Al recordar las horas preciosas que había pasado en el huerto con Murat, le parecía que era la única vez en su vida que había sentido ternura en un hombre. ¿Se habría mostrado tan tierno si hubiese sido su marido? Nunca lo sabría. Teadora se lamió reflexivamente los dedos. Después se los lavó en un pequeño aguamanil de cobre, tomó una manzana y la mordió.

– ¿Te ha gustado la cena?

Ella levantó la cabeza, sorprendida, y vio que Murat había entrado en la tienda.

– Sí -respondió-, pero he estado muy sola. ¿Por qué no has comido conmigo?

– ¿Con una mujer? ¿Comer con una mujer? ¿Le dio alguna vez a mi padre por comer con sus mujeres?

– ¡Claro que no! Pero esto es diferente. Yo soy la única mujer aquí, y ni siquiera tengo una esclava que me haga compañía. Tú eres la única persona noble que me era asequible.

El rió entre dientes, recobrando su buen humor.

– Ya veo. Tú sólo quieres mi compañía porque ambos somos príncipes. No sabía que fueses tan presuntuosa, Adora.

– ¡No! ¡No! Me interpretas mal -protestó ella, ruborizándose.

– Entonces, explícate -la pinchó Murat, arrodillándose entre los cojines delante de ella.

Teadora levantó la cara adorable y le miró.

– Quería decir que, ya que nuestra situación es informal, pensé que habrías podido hacerme compañía mientras cenaba.

Él la miró a su vez, con sus ojos negros como el azabache, y antes de que la joven pudiese darse cuenta de lo que sucedía, la atrajo hacia sí y empezó a besarla.

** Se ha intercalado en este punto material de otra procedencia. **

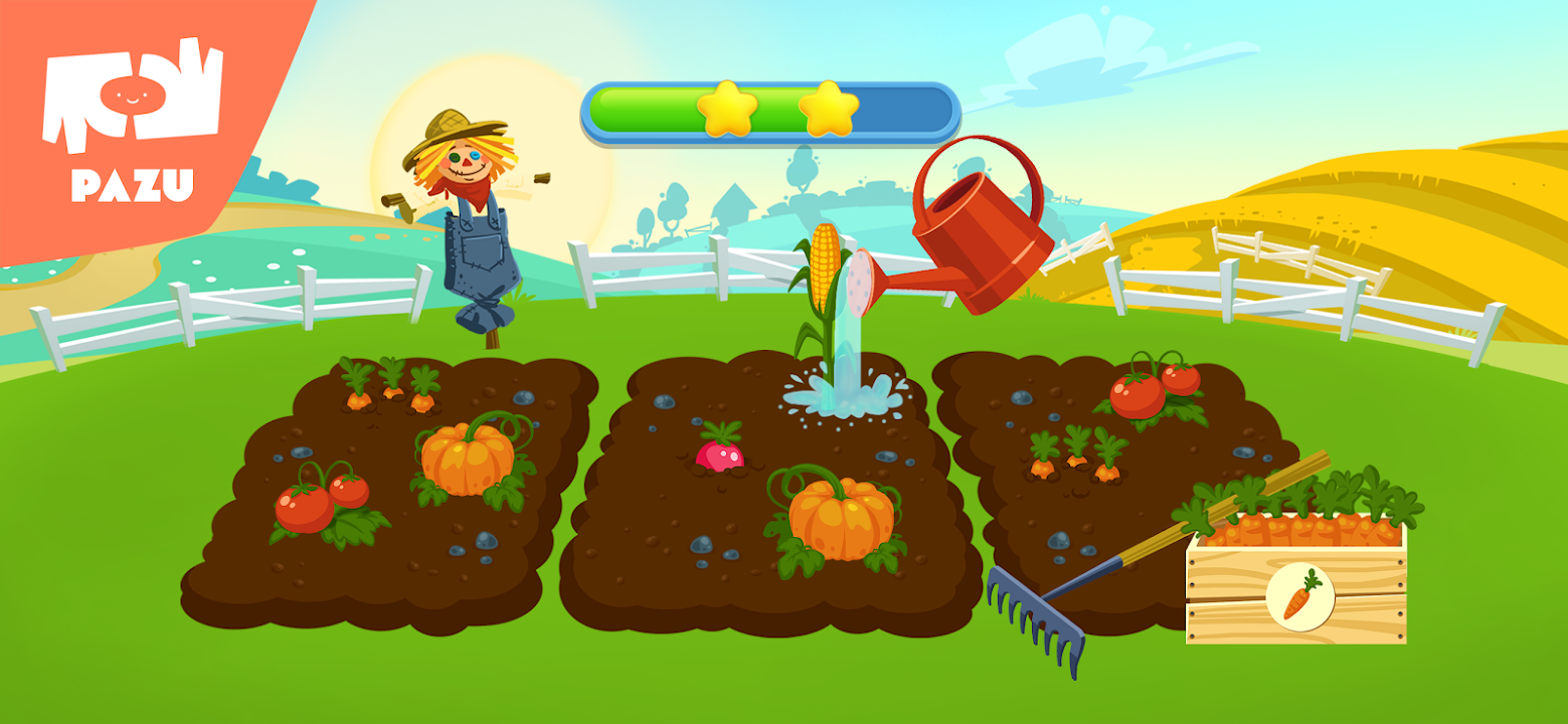 Pazu farm games for kids designed for kids between the age 2-5 to enjoy lots of educational farm puzzles and quiz activities: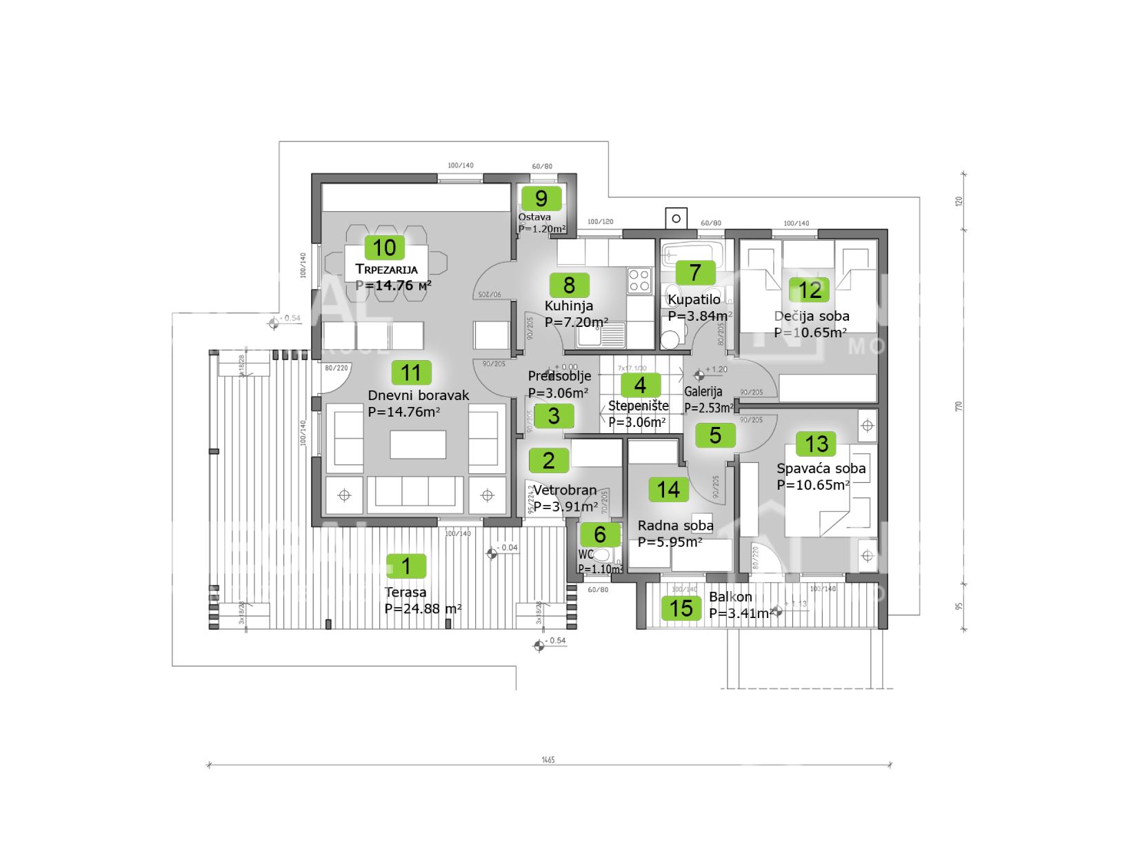 Porodična druženja se lako mogu iz objekta prebaciti na terasu ili dvorište. Terasa komplentno natkrivena sa drvenom opšivkom plafona i drvenim elementima pruža osećaj topline. Viši deo je organizovan sa spavaćim sobama. Dve veoma komforne sobe sa jednom dečijom imaju direktan pristup preko galerije hodnika ka kupatilu. Sobe imaju izlaz na balkon oivičen zidom i naglašen u beloj fasadi dajući mu ton elegancije. Antracit stolarija sa termoizvolvanim staklom daje poseban naglasak konturama otvora. Ispod višeg dela je garaža sa pomoćnim prostorijama i kotlarnicom koje i maju direktu vezu iz kuće za potpuni komfor.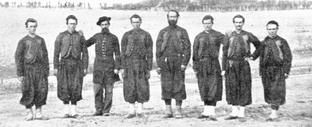 Squad of Company C in Camp at Peeble's Farm, Virginia, ca. 1864.Right to Left - Corporal A.N. Euwer, Alex Jamison, Augustus Snyder, Charles Murdock, Corporal Thomas Montgomery, James Lowry, Sergeant Joseph M. Cargo and James Parker. (Source - "Under the Maltese Cross")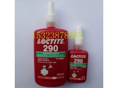 LOCTITE汉高乐泰290胶水、乐泰290螺纹锁固剂,渗透级,中强度,低粘度,快速固化。用于已装配好的M2-M12螺纹的锁固与密封。也可用于密封焊缝,铸件砂眼等(0.254mm以下)微孔。防止螺纹生锈及腐蚀。拆开时需局部加热及使用工具。LOCTITE 290 适合于锁固和密封螺纹紧固件. 产品通过低粘度和毛细管渗透作用, 可以渗透进已装配好的的螺栓当中, 可以消除螺栓在应用过程出现的松动. 该产品在隔绝氧气的金属密封面间固化,可以防止由于震动或冲击而引起的松动或泄漏. 该产品还可以用于填充焊缝、铸造或粉末冶金部件的缺陷。
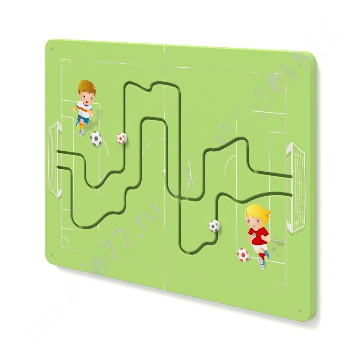 На дидактической панели изображено футбольное поле с игроками, инвентарем. 2 подвижных элемента в виде мячей нужно провести по 2-м лабиринтам (прорезям). Следование по траектории помогает пальцам рук окрепнуть, научиться точным движениям, подготовиться к освоению письма.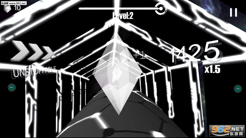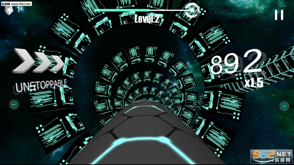 玩家需要通过第一人称的视角,在充满科幻气息的跑道上旋转前进,躲避石头以保持更高的速度,收集沿途中的钻石。随着游戏流程的不断深入,速度也会越来越快,挑战你的极限,坚持更久,到达更远的地方吧。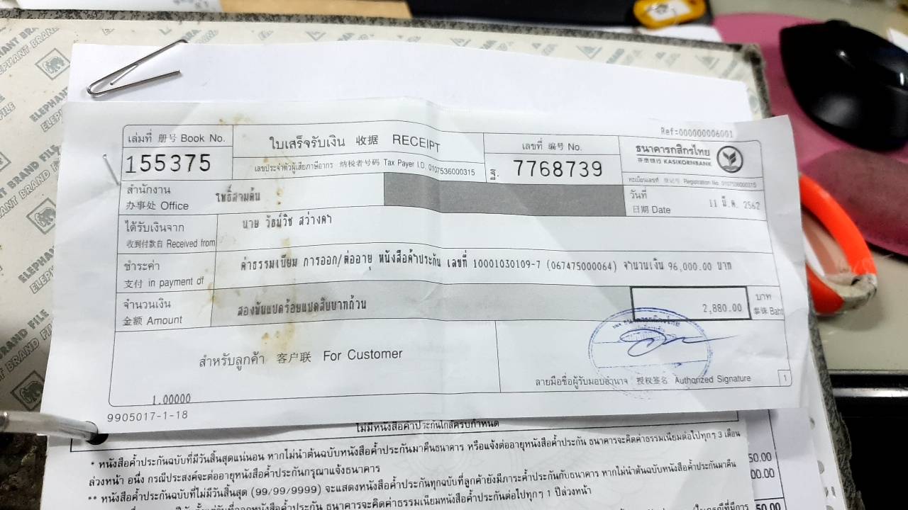 เมื่อปลายๆเดือน พ.ย. 2562 ผมได้รับหนังสือแจ้งเตือนให้ไปชำระค่าธรรมเนียม หนังสือค้ำประกัน แต่เคยไปติดต่อจะชำระที่สาขาอื่นแล้ว แต่ธนาคารแจ้งว่าต้องไปชำระที่สาขาที่ทำหนังสือไว้เท่านั้น ก็เลยทำให้มีการล่าช้าเพราะยังหาโอกาสไปไม่ได้ จนเมื่อวันที่ 4 ธันวาคม 2562 มีโทรศัพท์โทรเข้ามาทวงอีก ผมเลยลางานไปที่สาขาโพธิ๋สามต้น ซึ่งเป็นสาขาที่ทำหนังสือค้ำประกัน แต่พอดีหาหนังสือทวงเงินไม่เจอ จึงหยิบใบชำระงวดที่แล้วไป ( ชำระไว้เมื่อ 11 มี.ค.62 ) ตามรูป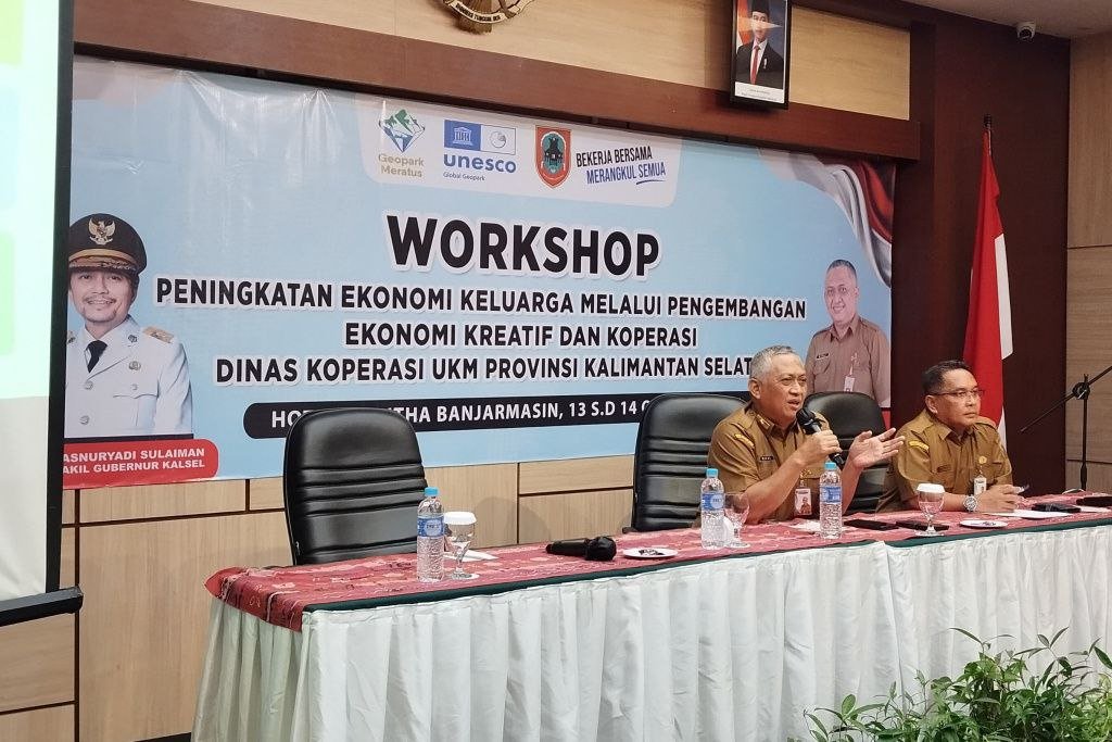 Pemerintah Provinsi Kalimantan Selatan terus berupaya memperkuat ekonomi keluarga melalui pemberdayaan koperasi dan pelaku usaha mikro, kecil, dan menengah (UMKM). Hal ini disampaikan oleh Kepala Dinas Koperasi dan UKM Provinsi Kalimantan Selatan, Gusti Yanuar Noor Rifai, saat memberikan paparan dalam Workshop Peningkatan Ekonomi Keluarga melalui Pengembangan Ekonomi Kreatif dan Koperasi di salah satu hotel di Banjarmasin, Selasa (14/10/2025).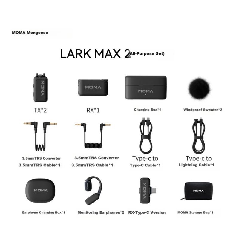 ElectrónicaAudio y equipos de sonidoMicrófonosMicrófono Moma Larkmax 2 Inalámbrico Collar Negro

El mundo que la rodeaba estalló en un millón de centelleantes pedazos. ¡Oh, Dios mío! ¡Oh, Dios mío! ¡Su boca era tan dulce! El beso era tierno y, sin embargo, apasionado al mismo tiempo. Durante un minuto, ella se entregó por completo, saboreando su calor y su dulzura. Había pasado tanto tiempo, ¡tanto tiempo!

Entonces, al recobrar su peso, echó la cabeza atrás y murmuró frenéticamente:

– ¡No, Murat! Por favor, ¡no! ¡Esto está mal!

Él levantó la mano y enredó los dedos en los cabellos oscuros.

– Cállate, mi dulce Adora -le ordenó, y su boca volvió a apoderarse de la de ella. Pero esta vez la besó afanosamente, quemándole los labios, exigiendo salvajemente su completa rendición. Incapaz de dominar el deseo que crecía en su interior, ella levantó los brazos, le rodeó el cuello y lo atrajo entre los almohadones.

El tiempo perdió todo significado para Adora. Sabía que lo que hacían era contrario a los preceptos de sus dos religiones; pero se necesitaban tanto, recíprocamente, que aquel hambre furiosa borraba de sus mentes todo lo demás. Ella sabía que Murat le había desabrochado completamente la blusa, pues sus labios le recorrían ahora libremente la garganta, moviéndose hacia abajo hasta los senos y chupando hambriento los pezones hasta causarle un dolor intenso.

Él encontró el camino debajo de la seda del holgado pantalón y la acarició entre los muslos temblorosos, encontrando húmeda la piel por el ardiente deseo. Su mano la incitó delicadamente, y ella se estremeció bajo su tacto y prorrumpió en un grave sollozo cuando él introdujo dos dedos en su cuerpo. Se arqueó y se estiró, buscando desesperadamente, buscando una satisfacción que parecía no poder llegar.

– Calma, mi dulce Adora -la apaciguó él-; no te afanes tanto, mi amor. Lo que tiene que ser, será. -La estaba besando de nuevo, pero, esta vez, arrimó los labios a su oído y murmuró dulcemente-: Te quiero, Adora, pero como quiere un hombre a una mujer. Basta de juegos de amantes. Quiero penetrar en tu dulzura, gritar de alegría por el hermoso acto que realizaremos juntos.

Teadora se estremeció, flaqueando, y él le mordisqueó el pequeño lóbulo de la oreja.

– Abre las piernas, Adora. Estoy ardiendo por poseerte, mi adorable ramera bizantina. Deja que pruebe las delicias que has dado de buen grado a mi amartelado padre y a tu pirata griego.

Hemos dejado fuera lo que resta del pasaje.